I volunteered, so here I am in New Orleans.

I’m a California Air National Guard chaplain, but I’m assigned to the 1/179 Infantry Battalion, 45th Brigade of the Oklahoma Army National Guard.

So far, it’s been a zoo — literally. We’re encamped outside the Audubon Zoo. And yes, all the animals are well.

I call our camp Noah’s Ark, but the Army calls it Battalion Headquarters. From here the commander issues missions to subordinate units to evacuate residents who have been previously unable or unwilling to leave. Unfortunately not everyone got help in time; sometimes soldiers discover bodies of people whose 911 calls were answered too late.

Each mission is a dirty, dangerous and often gruesome job that soldiers carry out with the seriousness of combat.

Driving the flooded streets was like four-wheeling in sewer water. The water was dark enough to hide large objects and the smell could easily trigger a gag reflex. When the water became deep enough, it flooded the floorboard of our Humvee and we would lift our feet as soldiers made nervous jokes about bubonic plague.

Our orders were to enter only homes with open doors and to check for survivors; locking the doors as we left. The irony was that we came offering help, but we carried guns.

Yet the guns were needed. The storm had given a lot of people a chance to settle scores. Criminals settled scores with police officers, neighbors settled scores with crack houses, and brother rose up against brother.

Sgt. Paul Jump was my chaplain assistant and was to protect me. A 6-foot-4 member of the Osage Tribe, Sgt. Jump carried an M-4 rifle and seemed willing to use it. Fortunately the mission was uneventful — except for the dogs we occasionally fed along the streets.

Sunday I conducted my first worship service with about 30 people, including some zoo staff. During the service I asked parishioners: “What has been the hardest thing about our humanitarian mission?”

Most of the soldiers talked about the separation from families or the heat. But, some soldiers talked about going into the community wearing their masks and finding homes that were tragically divided into rich and poor — with the poor getting the roughest deal.

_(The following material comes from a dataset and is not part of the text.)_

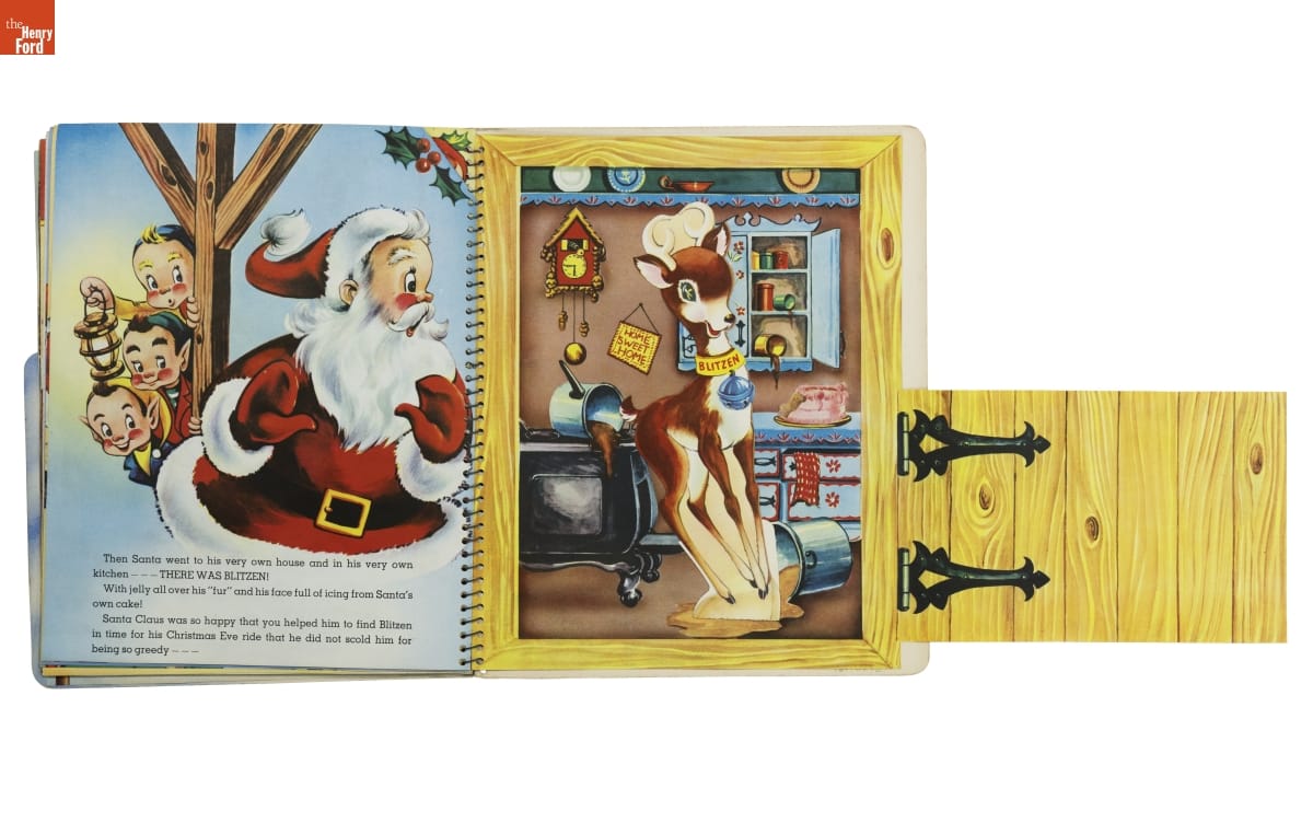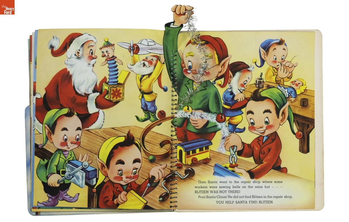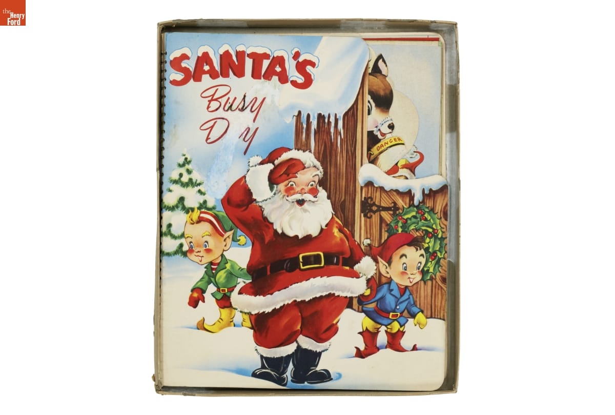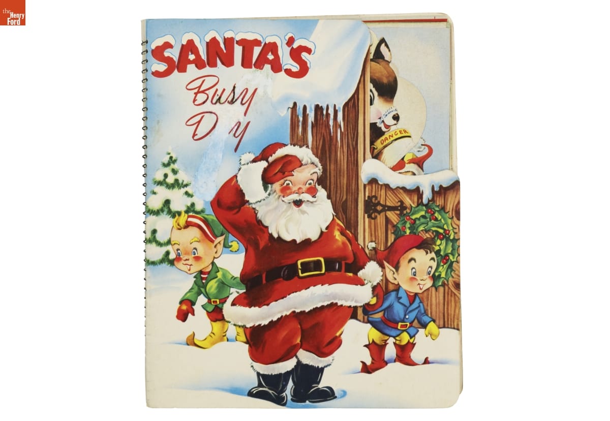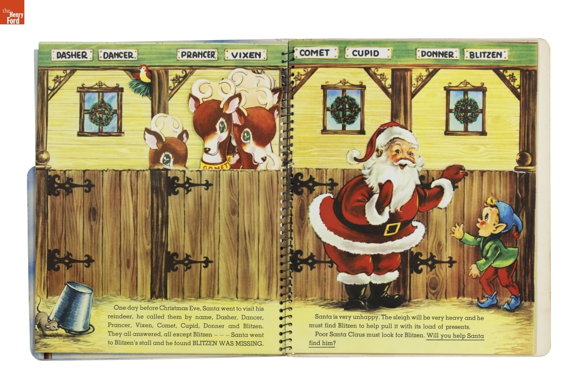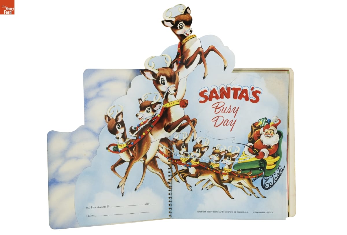 Santa's Busy Day follows jolly St. Nick as he looks for Blitzen, a lost reindeer. The book asks children to help Santa with his search. Readers turn pages to discover images that move and pop up; or find things to do--move cutouts of Santa's reindeer or color a picture of Blitzen. Books like this entertained young kids and encouraged them to enjoy reading.

When it came time for me to preach, I was still wondering what I would talk about. Here I was wearing a camouflage uniform. There was a part of me that wanted to blend in with the surrounding plants.

I looked out at the troops — many hadn’t managed a bath in days. I knew they were hot, tired and continually thirsty. And I began reading from Psalm 69:1. “Save me, O God, for the waters have come up to my neck. I sink in the miry depths.”

I told them that this Psalm had been the prayer of New Orleans and they’d been sent in an answer to that prayer. Then I called these infantrymen something I suspect they have never been called.

“You are sacred,” I told them. “In the midst of driving about in the black water, gagging on fumes from who-knows-what, you are doing a sacred task. You are rescuing the perishing.”

Being the answer to someone’s prayer is a lot of responsibility, but from what I can see, I want to assure you, the 45th Infantry Brigade is up to the task.